Solved

Clean Orphan Data , what is it?

  • 24 February 2022
  • 2 replies
  • 1499 views

Badge +2

What is the Clean Orphan Data when running DDB Space Reclaim.

icon

Best answer by Damian Andre 25 February 2022, 05:23

View original

If you have a question or comment, please create a topic

2 replies

Userlevel 7
Badge +23

Hi @DaBackups , and welcome!

That phase is when we look for any blocks that are not referenced any longer to remove them, often as part of a Data Verification.

Reclaim idle space on Mount Paths

  • The Validate dedup data phase of the data verification job runs a quick verification on the deduplication database. For more information, see Quick Verification of the Deduplication Database (listed above in this page).

    The Data Verification jobs for DDB space reclamation is controlled by the Automatically submit Space Reclamation DDB Verification job when free space on Library is below this percent option in Media Management Configuration. For more information on this option, see Media Management Configuration: Service Configuration.

  • The Orphan Chunk Listing phase marks those blocks and chunks as orphan that are not referenced by any data block. This phase uses a single stream and if the data verification job is suspended during this phase, then on restarting the job, the listing phase also restarts.

  • The Defragment data phase, processes the files that can be defragmented (identified in the first phase) and the orphan chunks (identified in the Orphan Chunk Listing phase) by deleting the invalid or orphan data blocks, thereby reclaiming the unused space.

    Notes:

  • The Job Details dialog box displays the Estimated Completion time per phase when you run a DDB verification with Reclaim idle space on Mount Paths option.

  • The Job Details dialog box displays the Percent Complete per phase when you run a DDB verification with Reclaim idle space on Mount Paths option. Both the phases are 50% each.

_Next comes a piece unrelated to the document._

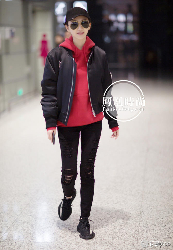 (原标题:连帽卫衣+飞行员夹克+鸭舌帽 大甜甜走帅气路线太酷了)

Use this space reclamation option for disk mount paths that do not support sparse files.

Running a data verification job on the ddb with this option enabled defragments the data files that are identified (during the quick verification phase) with the unused space. The valid data blocks are retained. The invalid data blocks that are not being referred to by any backup jobs are deleted thereby reclaiming the unused storage space.

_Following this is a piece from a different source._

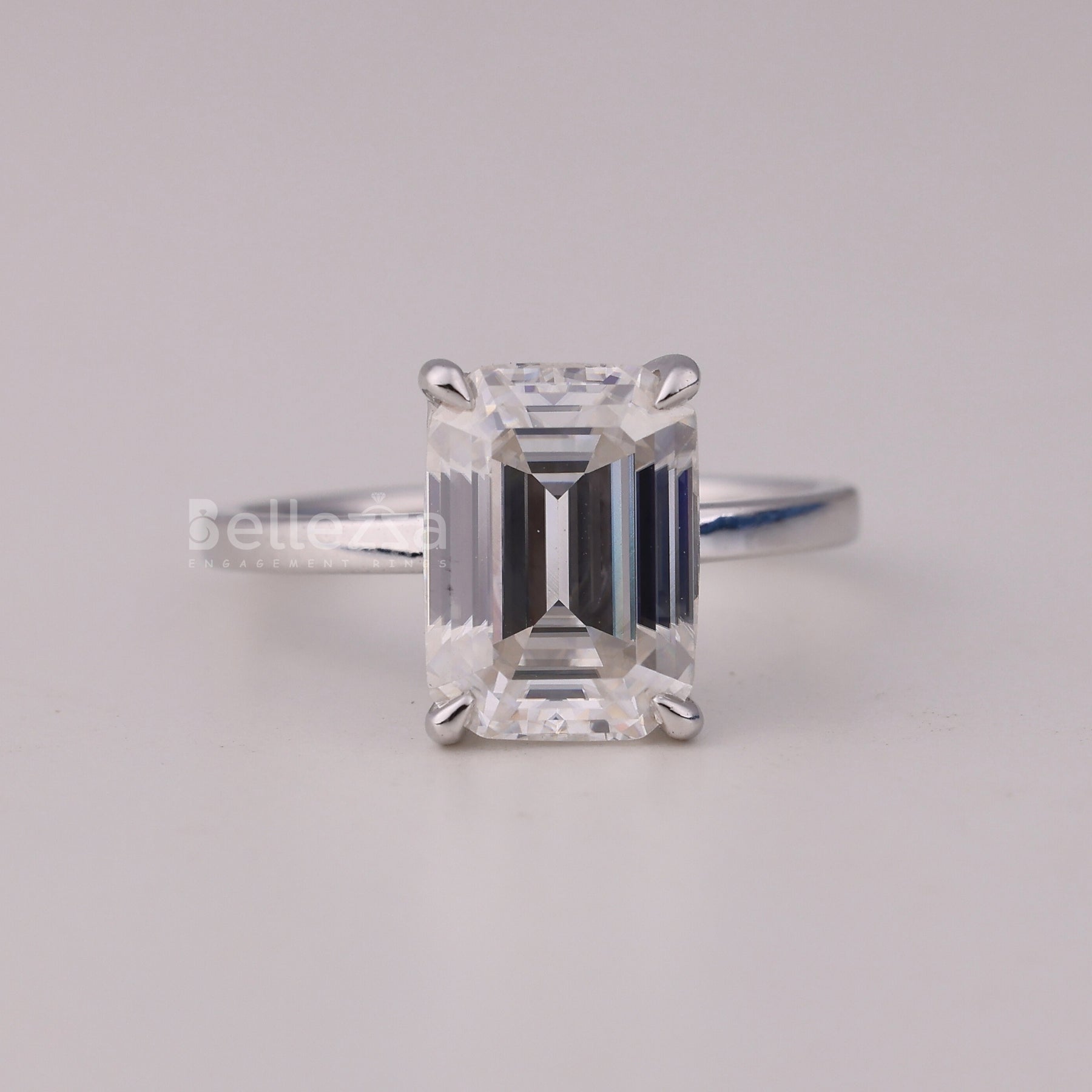 1.50CT Emerald Cut Hidden Halo Moissanite Engagement Ring

Reclamation Level: Use this slider to select the level of reclamation to be done. On the slider the numbers indicate the percentage of unused data blocks that can be defragmented.

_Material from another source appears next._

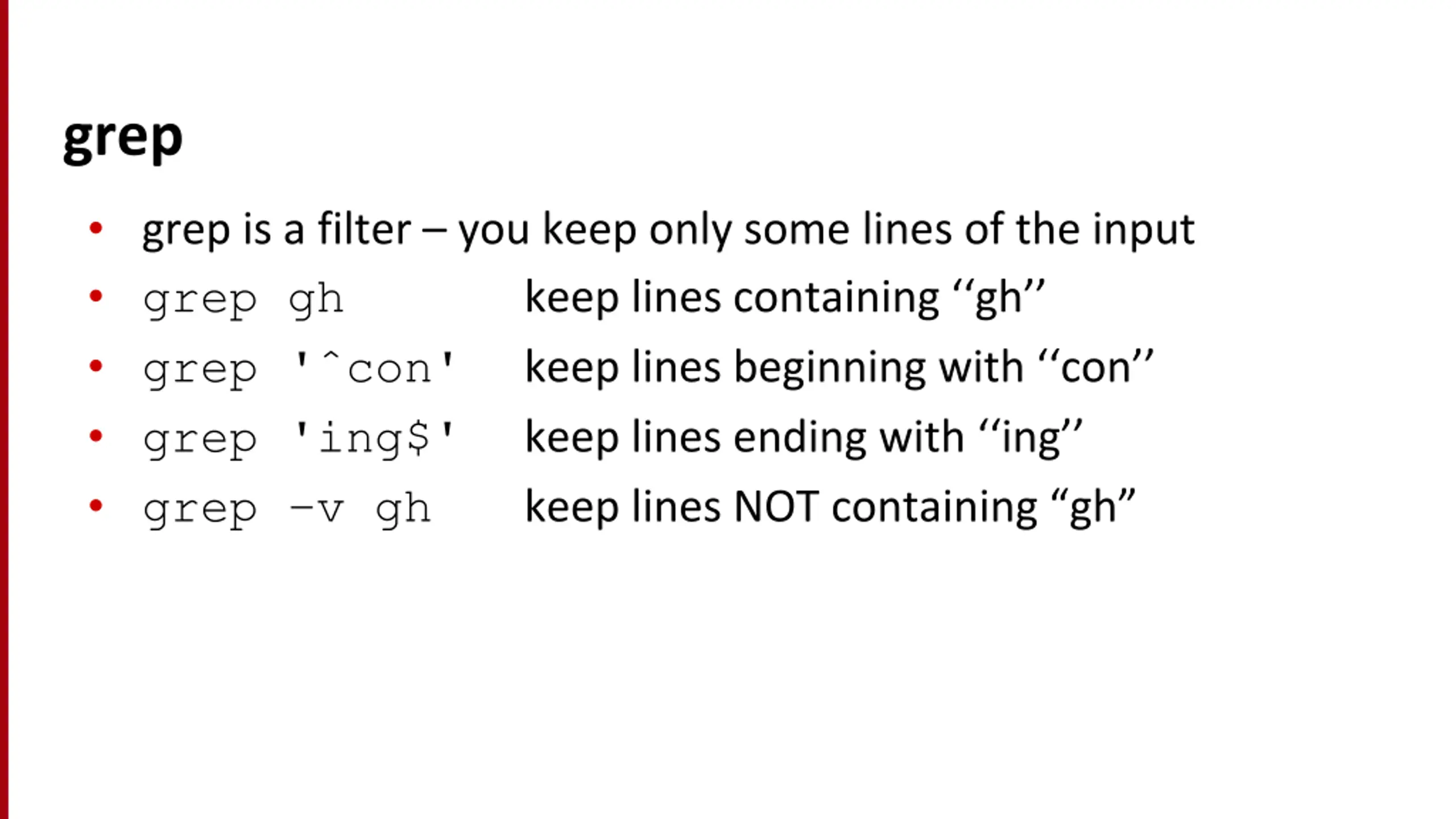 grep grep is a filter you keep only some lines of the input grep gh keep lines containing gh grep ' con' keep lines beginning with con grep 'ing$' keep lines ending with ing grep v gh keep lines NOT containing gh

  • 1 is equal to 80% (Least aggressive reclamation, low I/O on the disk)

  • 2 is equal to 60%

  • 3 is equal to 40%

  • 4 is equal to 20% (Most aggressive reclamation, higher I/O on the disk)

    For example: By default the slider is set at 3. This indicates that the data files that have 40% or more of invalid data blocks (unused space) and 60% or less of valid data blocks will be selected for defragmentation to reclaim the unused space.

    However, if you set the slider to 4, then the data files that have 20% or more of invalid data blocks (unused space) and 80% or less of valid data blocks will be selected for defragmentation. This will result in a very high I/O on the disk for reclaiming only 20% or more of the unused space. 

Full and Incremental Data Verification Job

https://documentation.commvault.com/11.26/expert/100399_data_verification_of_deduplicated_data.html

Userlevel 7
Badge +23

To explain a little more detail @DaBackups,

In some very edge case scenarios, its possible some data was no longer needed or referenced by the DDB, but pruning of that data failed for some reason. It could be that the Media Agent rebooted or services cycled at an inopportune time, or that the request was never properly processed by the Media Agent. In some very older versions of the software, a bug may also have caused pruning to be abandoned and data was left ‘orphaned’ on the disk that was no longer needed.

This option was added to go find data that is actually no longer valid and can be safely pruned. Its a separate operation because we scan the disk for the files that are no longer referenced by the DDB, rather than scanning the DDB to find the files to defrag - if that makes any sense.

There should be no need to run this frequently, but every so often it may catch some data which has been orphaned. I think its much of a rarity these days but can’t hurt to run periodically.